# Victoria & Hunslet Mills, Leeds- June 09



## mexico75 (Jun 21, 2009)

Solo visit.
This massive complex of mills along side the river Aire was the first site I ever visited with a camera a year or so ago and I've been meaning to go back ever since. The mills have been owned by various companys over the years, with RH Bruce a tool making firm occupying part of the Victoria mills buildings being the last to leave in the early seventies, the site has been derelict ever since.
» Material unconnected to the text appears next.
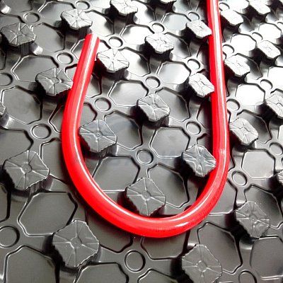 Применение плита предназначена для укладки водяного отопления в полу, крайний ряд бобышек на плите имеет уменьшенный размер и измененную форму, что позволяет фиксировать бобышки одна в другую (внахлёст) для создания единого полотна

The mills are currently owned by the developers Caddick, the same company that is also letting the historic Conditioning house in Bradford crumble away 






Victoria Mills




Hunslet Mills














Victoria Mills Offices,









Employee time cards,




Strong room with the cast iron door, made to look like wood,




Lift,


----------



## klempner69 (Jun 21, 2009)

Great stuff there Mexico,glad you included the first oldie piece as well..nice touch.


----------



## boxfrenzy (Jun 21, 2009)

Looks good mate. Time cards are a nice touch too. Good pictures as well. I like the old one too. Did you paint it?


----------



## marshall10 (Jun 21, 2009)

Nice work


----------



## mexico75 (Jun 21, 2009)

boxfrenzy said:


> Looks good mate. Time cards are a nice touch too. Good pictures as well. I like the old one too. Did you paint it?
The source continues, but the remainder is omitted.